> DATA RECORDS
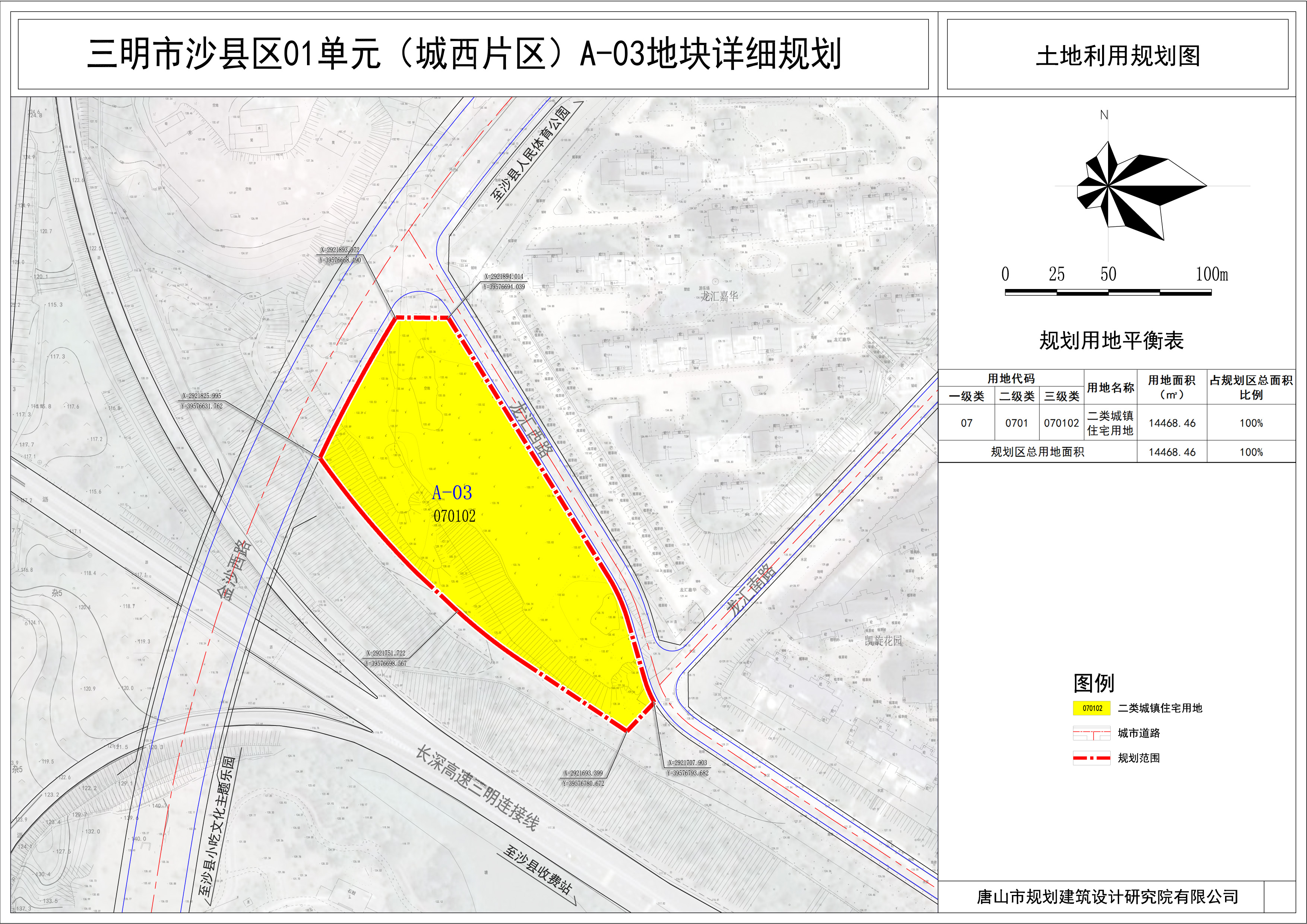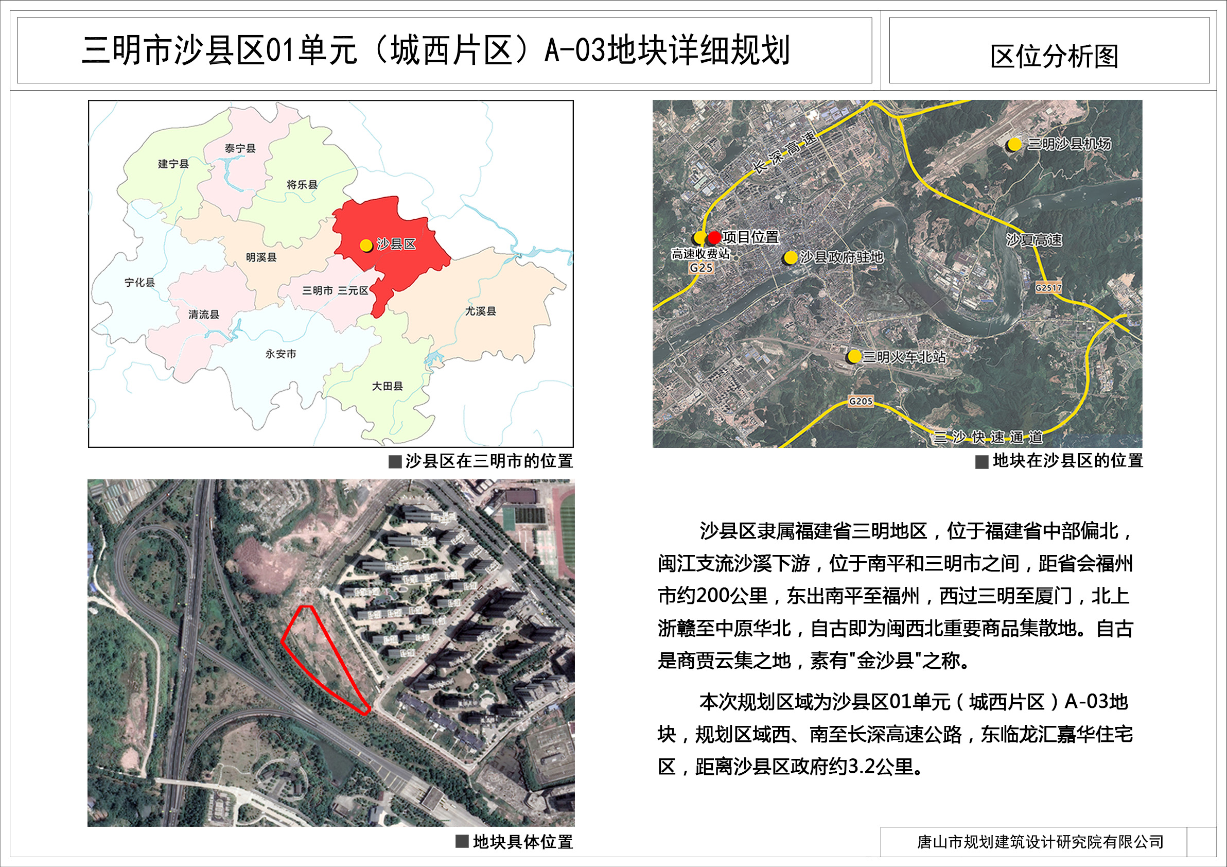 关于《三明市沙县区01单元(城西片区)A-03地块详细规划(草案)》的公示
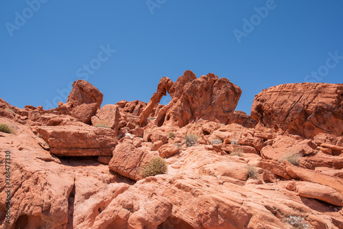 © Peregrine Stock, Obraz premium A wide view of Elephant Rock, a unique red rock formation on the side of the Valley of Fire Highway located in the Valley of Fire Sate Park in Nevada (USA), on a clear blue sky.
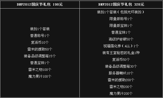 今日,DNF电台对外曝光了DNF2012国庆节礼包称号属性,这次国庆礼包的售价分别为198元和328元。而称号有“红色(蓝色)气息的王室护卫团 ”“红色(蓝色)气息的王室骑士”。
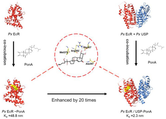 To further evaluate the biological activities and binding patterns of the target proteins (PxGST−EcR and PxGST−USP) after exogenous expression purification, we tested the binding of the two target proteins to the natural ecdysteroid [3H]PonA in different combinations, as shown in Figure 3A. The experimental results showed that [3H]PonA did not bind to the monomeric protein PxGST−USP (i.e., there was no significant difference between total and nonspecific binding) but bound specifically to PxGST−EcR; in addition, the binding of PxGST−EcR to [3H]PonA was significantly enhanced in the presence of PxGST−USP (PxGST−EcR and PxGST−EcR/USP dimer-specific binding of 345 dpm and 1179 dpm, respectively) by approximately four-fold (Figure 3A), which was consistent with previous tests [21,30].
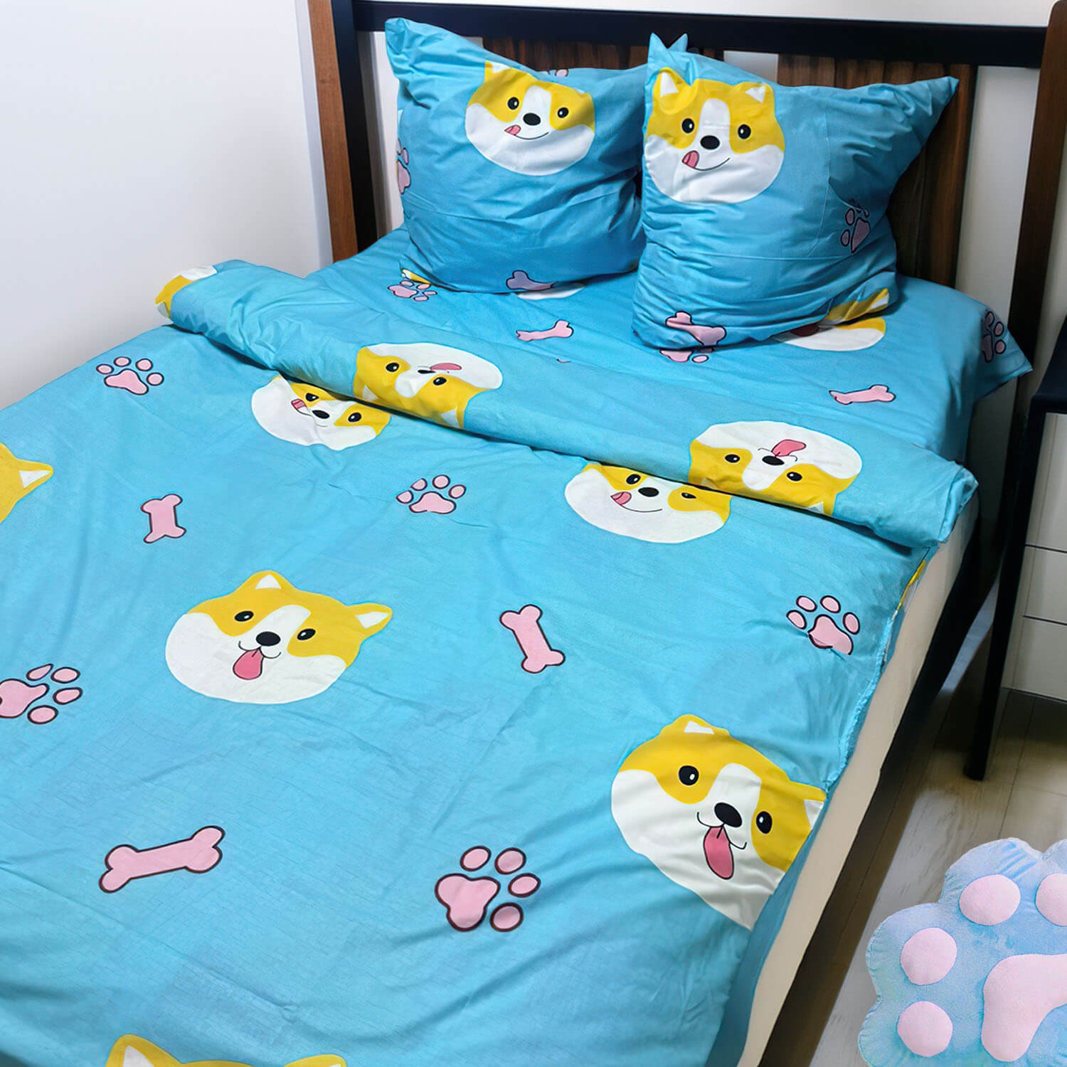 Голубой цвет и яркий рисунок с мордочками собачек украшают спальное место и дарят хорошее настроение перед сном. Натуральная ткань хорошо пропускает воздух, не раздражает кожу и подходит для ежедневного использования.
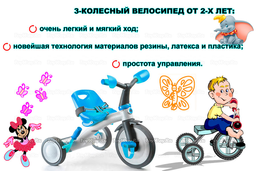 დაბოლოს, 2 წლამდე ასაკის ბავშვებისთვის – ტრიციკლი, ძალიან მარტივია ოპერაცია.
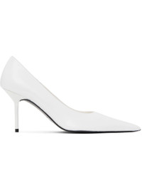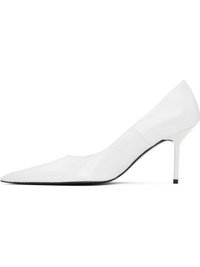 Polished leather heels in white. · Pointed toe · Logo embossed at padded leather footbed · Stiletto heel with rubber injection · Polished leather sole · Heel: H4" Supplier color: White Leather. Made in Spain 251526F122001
--
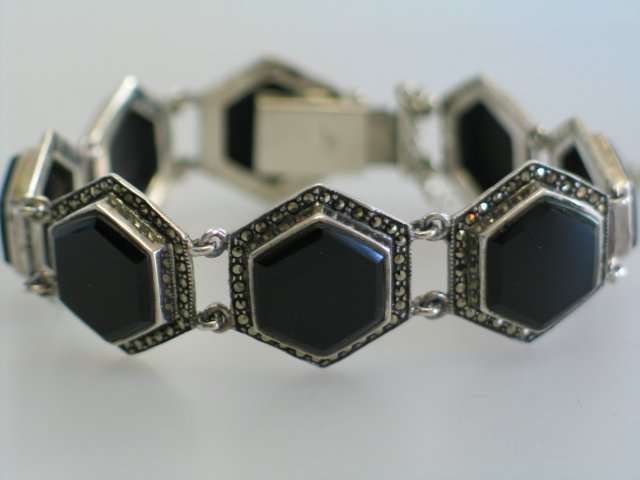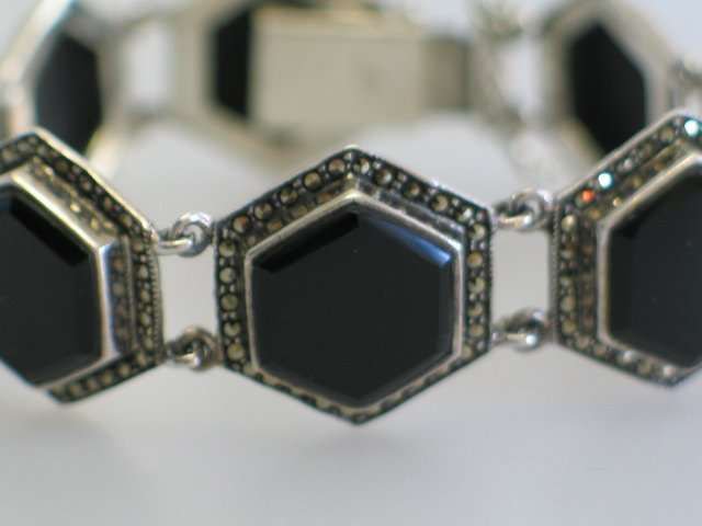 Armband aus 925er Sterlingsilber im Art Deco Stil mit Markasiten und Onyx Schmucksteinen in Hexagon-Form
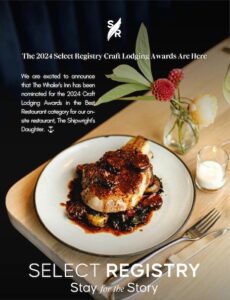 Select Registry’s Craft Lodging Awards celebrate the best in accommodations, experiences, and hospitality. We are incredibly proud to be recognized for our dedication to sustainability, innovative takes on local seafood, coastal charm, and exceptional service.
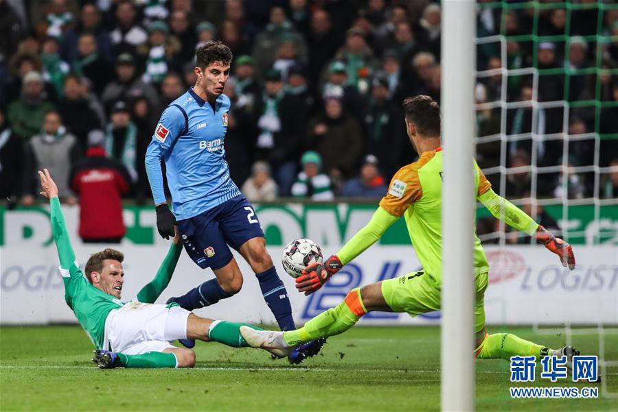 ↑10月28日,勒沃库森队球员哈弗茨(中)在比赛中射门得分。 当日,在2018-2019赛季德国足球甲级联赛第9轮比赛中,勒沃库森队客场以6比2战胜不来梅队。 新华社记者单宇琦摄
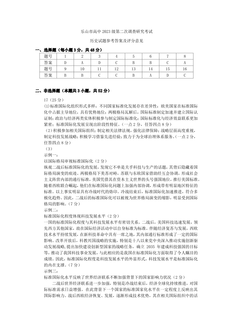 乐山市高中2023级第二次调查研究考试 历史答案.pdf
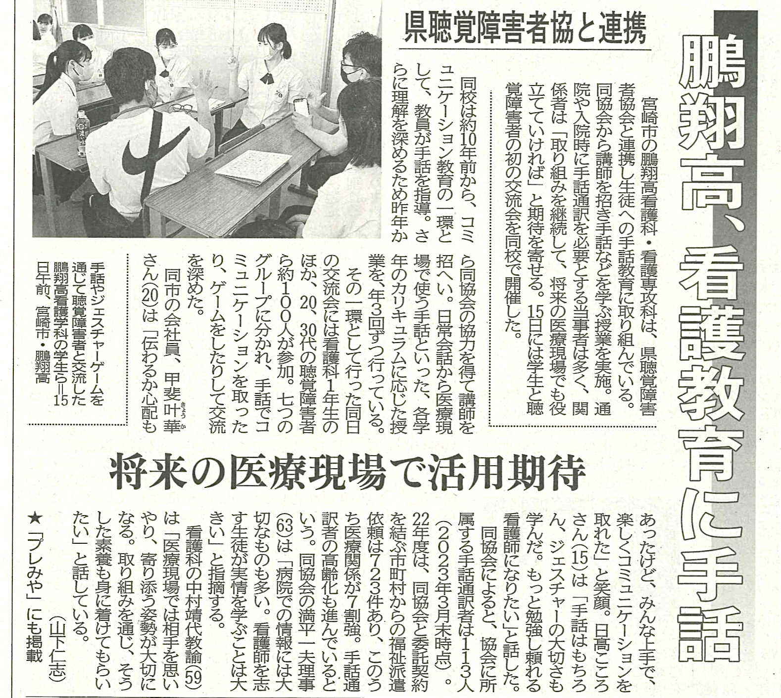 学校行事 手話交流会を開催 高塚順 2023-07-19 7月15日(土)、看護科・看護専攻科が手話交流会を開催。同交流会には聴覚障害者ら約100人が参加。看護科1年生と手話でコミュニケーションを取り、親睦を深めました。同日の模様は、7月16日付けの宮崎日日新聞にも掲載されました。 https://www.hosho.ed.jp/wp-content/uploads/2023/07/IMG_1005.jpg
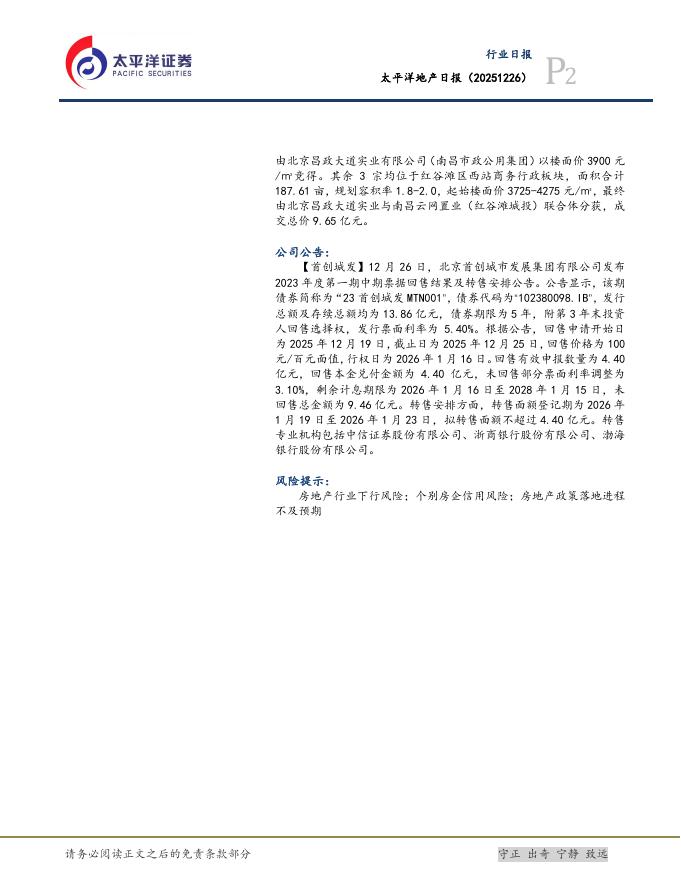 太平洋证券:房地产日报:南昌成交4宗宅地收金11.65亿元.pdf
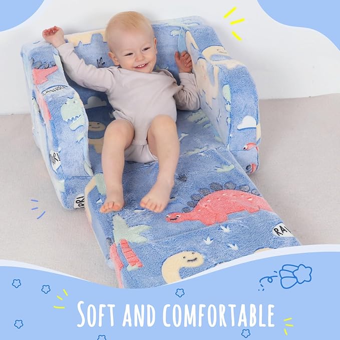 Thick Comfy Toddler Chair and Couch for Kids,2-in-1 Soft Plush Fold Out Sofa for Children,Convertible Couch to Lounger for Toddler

> YOUR OBJECTIVE
Taking the material above, give again exactly the lines from the one holding "დაბოლოს, 2 წლამდე" through the one holding "Polished leather heels", with both ends and without pictures.

> RESPONSE BELOW
 დაბოლოს, 2 წლამდე ასაკის ბავშვებისთვის – ტრიციკლი, ძალიან მარტივია ოპერაცია.
 Polished leather heels in white. · Pointed toe · Logo embossed at padded leather footbed · Stiletto heel with rubber injection · Polished leather sole · Heel: H4" Supplier color: White Leather. Made in Spain 251526F122001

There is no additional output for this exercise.